3. Const permission scaling
class Date { public: void print() { cout << "day:" << _day << endl; } private: int _day; }; int main() { Date d1; d1.print(); const Date d2; d2.print(); return 0; }
The compiler indicates that d2 has an error, so what's wrong with d2?
This is the problem of const permission scaling. We know that the type of d2 is const Date, so when d2 calls the print function, the system will pass a this pointer to print. The type of this pointer is Date *, but the address type of d2 is const Date *. Passing a const modified pointer to an ordinary pointer will expand the permission. Expanding the permission is not allowed!!!
The solution is to introduce the member function of const modifier class
The class member function modified by const is called const member function.
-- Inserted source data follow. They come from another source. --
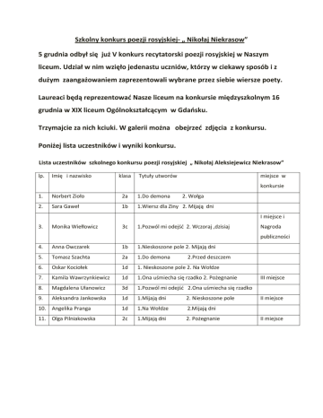 Szkolny konkurs poezji rosyjskiej- „ Nikołaj Niekrasow” 5 grudnia odbył się już V konkurs recytatorski poezji rosyjskiej w Naszym liceum. Udział w nim wzięło jedenastu uczniów, którzy w ciekawy sposób i z dużym zaangażowaniem zaprezentowali wybrane przez siebie wiersze poety. Laureaci będą reprezentowad Nasze liceum na konkursie międzyszkolnym 16 grudnia w XIX liceum Ogólnokształcącym w Gdaosku. Trzymajcie za nich kciuki. W galerii można obejrzed zdjęcia z konkursu. Poniżej lista uczestników i wyniki konkursu. Lista uczestników szkolnego konkursu poezji rosyjskiej „ Nikołaj Aleksiejewicz Niekrasow” lp. Imię i nazwisko klasa Tytuły utworów miejsce w konkursie 1. Norbert Zioło 2a 1.Do demona 2. Wołga 2. Sara Gaweł 1b 1.Wiersz dla Ziny 2. Mijają dni I miejsce i 3. Monika Wiełłowicz 3c 1.Pozwól mi odejśd 2. Wczoraj ,dzisiaj Nagroda publiczności 4. Anna Owczarek 1b 1.Nieskoszone pole 2. Mijają dni 5. Tomasz Szachta 2a 1.Do demona 6. Oskar Kociołek 1d 1. Nieskoszone pole 2. Na Wołdze 7. Kamila Wawrzynkiewicz 1d 1.Ona uśmiecha się rzadko 2. Pożegnanie 8. Magdalena Ułanowicz 3d 1.Pozwól mi odejśd 2.Ona uśmiecha się rzadko 9. Aleksandra Jankowska 1d 1.Mijają dni 2. Nieskoszone pole 10. Angelika Pranga 1d 1.Na Wołdze 2.Mijają dni 11. Olga Pilniakowska 2c 1.Mijają dni 2. Pożegnanie 2.Przed deszczem III miejsce II miejsce II miejsce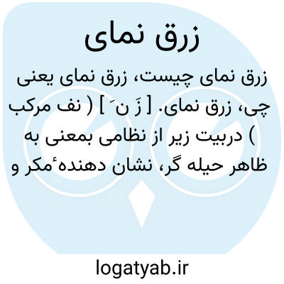 زرق نمای. [ زَ ن َ ] ( نف مرکب ) دربیت زیر از نظامی بمعنی به ظاهر حیله گر، نشان دهنده ٔمکر و فریب. دارای ظاهری فریبنده آمده: گفت کای ره نشین زرق نمای چه کسی و چه جای تست اینجای.نظامی ( هفت پیکر چ وحید ص 241 ).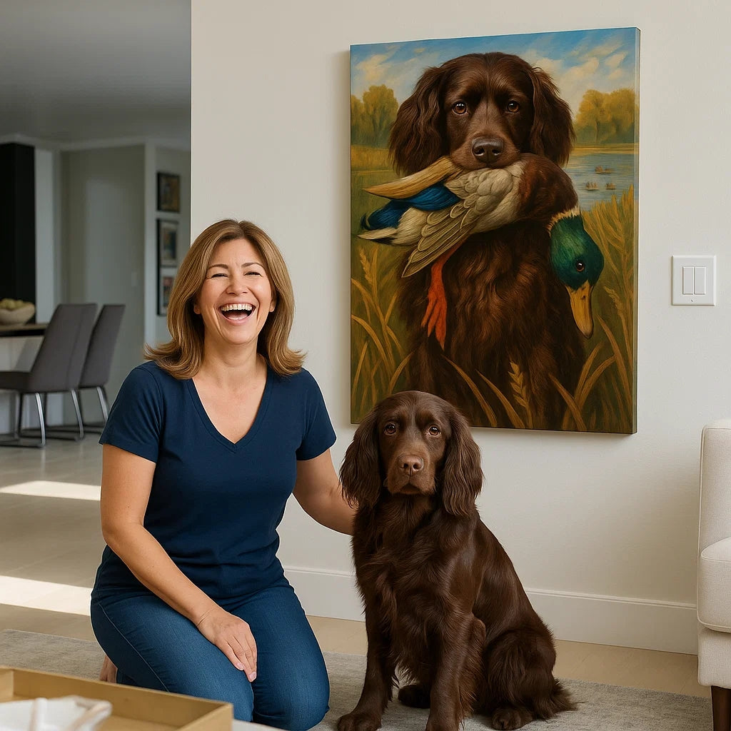 Personalized Hunting Dog Canvas – Custom Golden Retriever Dog Wall Art With Duck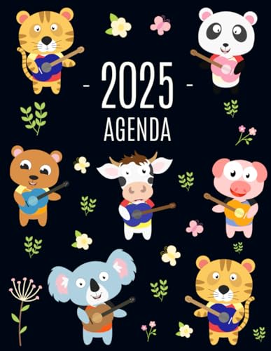 Animali con la Chitarra Agenda 2025: Diario Settimanale per Organizzare Giorni Occupati | Pianificatore Giornaliera 2025 con Panda, Mucca, Tigre e Koala

Const modifies the class member function and actually modifies the implicit this pointer of the member function (note Oh! Note Oh! Only modify the formal parameter of this pointer), indicating that no member of the class can be modified in the member function.
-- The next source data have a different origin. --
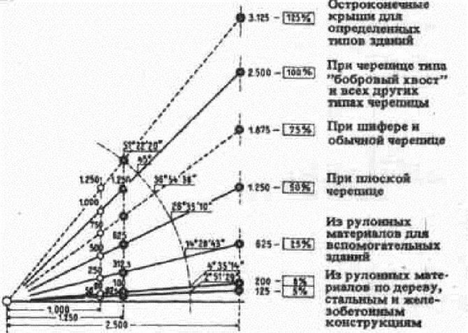В зависимости от вида кровельного покрытия, допускается разные углы наклона ската крыши. Ниже, приведены значения для наиболее популярных стройматериалов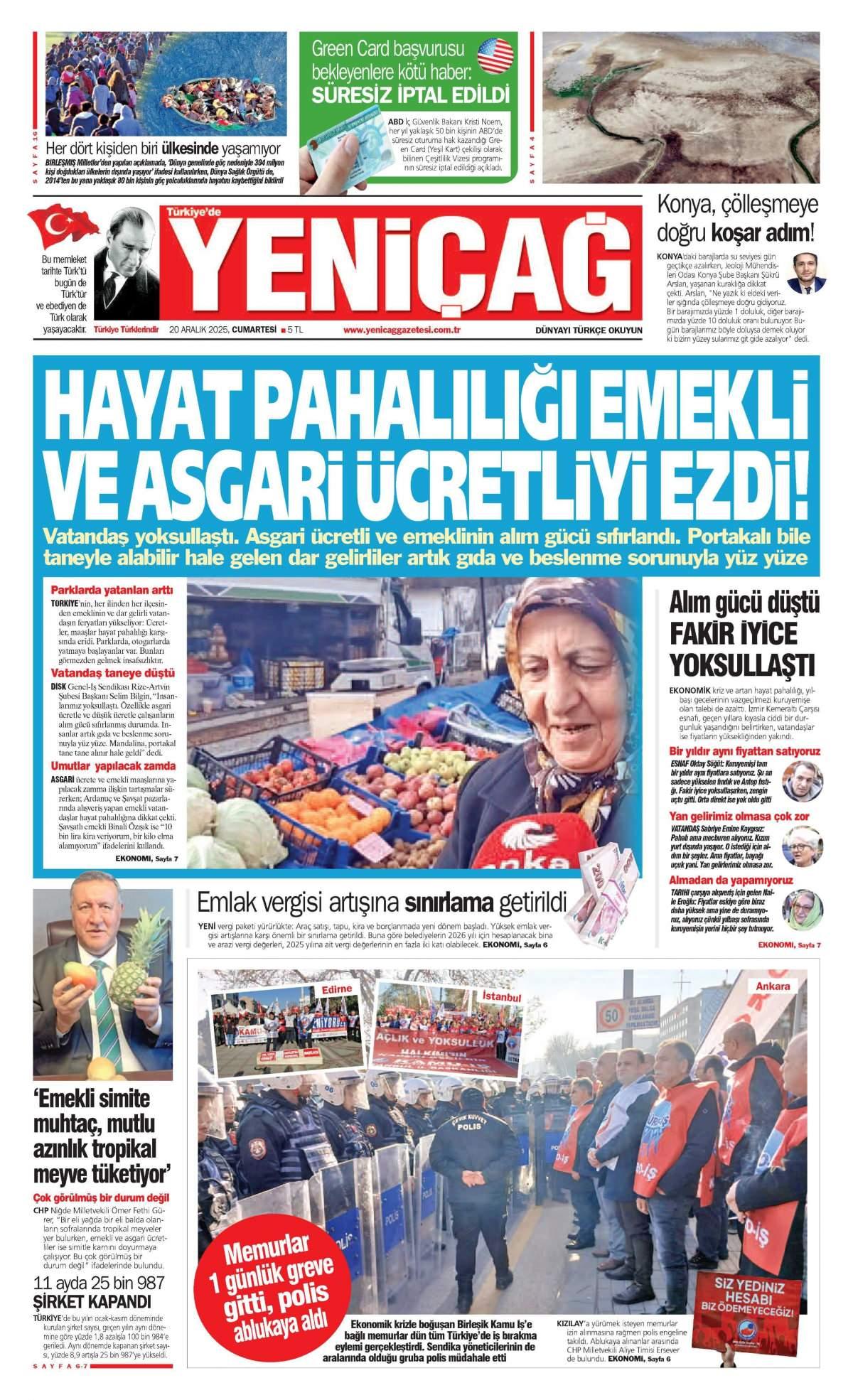 Yeni Çağ Gazetesi 20 Aralık 2025 Günü Manşeti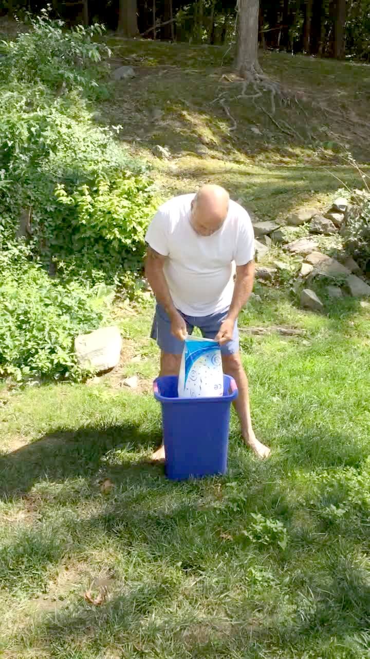 A man dumps a bag of ice into a bucket of water, then pours it over his head outdoors. The ice comes out as one large piece and hits him on the top of the head. ALS Ice Bucket Challenge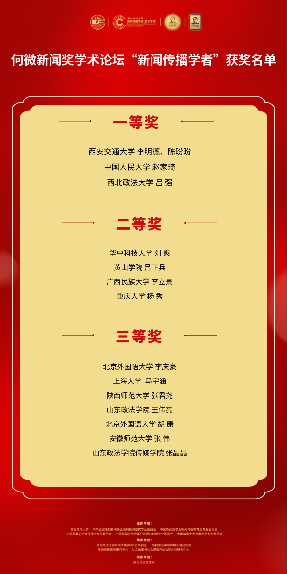 本次论坛由中国新闻史学会新闻教育史专业委员会、中国新闻史学会媒介伦理与法规委员会、中国新闻史学会传播学委员会、中国新闻史学会舆论学委员会、中华法治新闻协会法治新闻理论专业委员会、西北政法大学共同举办,来自复旦大学、中国人民大学、华中科技大学、中国传媒大学、人民日报、中央电视台、法治日报等高校、主流媒体的百余名专家、业界精英、研究生参会。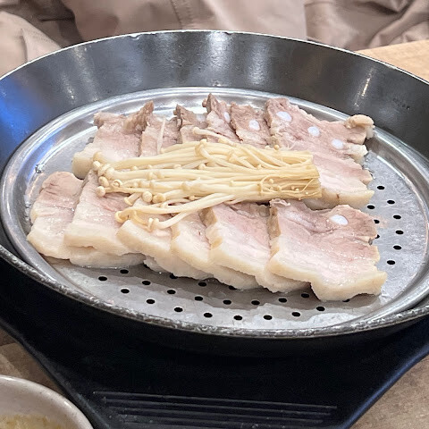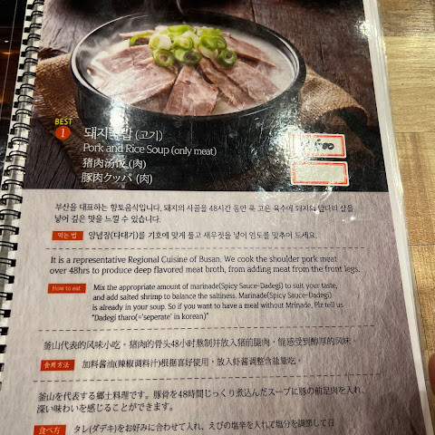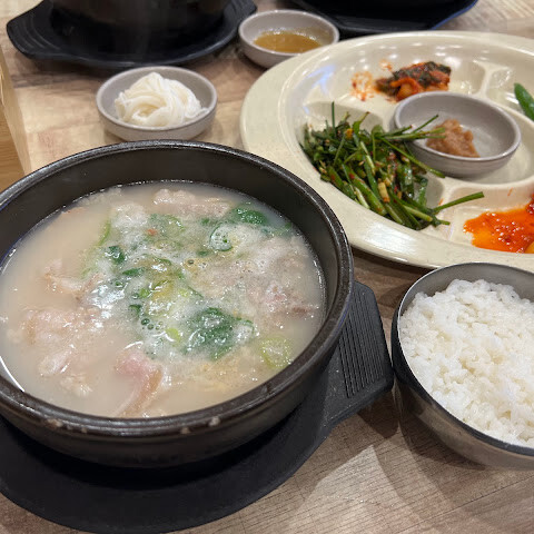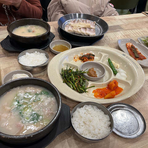 이 식당은 한국에 지점이 여러 개 있습니다. 돼지국밥은 정말 맛있습니다. 새우장, 소금, 후추를 더하면 국물이 더욱 깊어집니다. 삼겹살만 주문하면 좀 오래돼서 조금 실망스럽습니다.

class Date { public: void print() const//The essence is the this pointer that modifies the formal parameter list { cout << "day:" << _day << endl; } private: int _day; };
const four questions
1. Can const objects call non const member functions?
A: No, the permission cannot be enlarged
Can non const objects call const member functions?
A: Yes, the permission can be reduced. For example, d1 can still call the member function of const modifier class
3. Can other non const member functions be called in const member functions?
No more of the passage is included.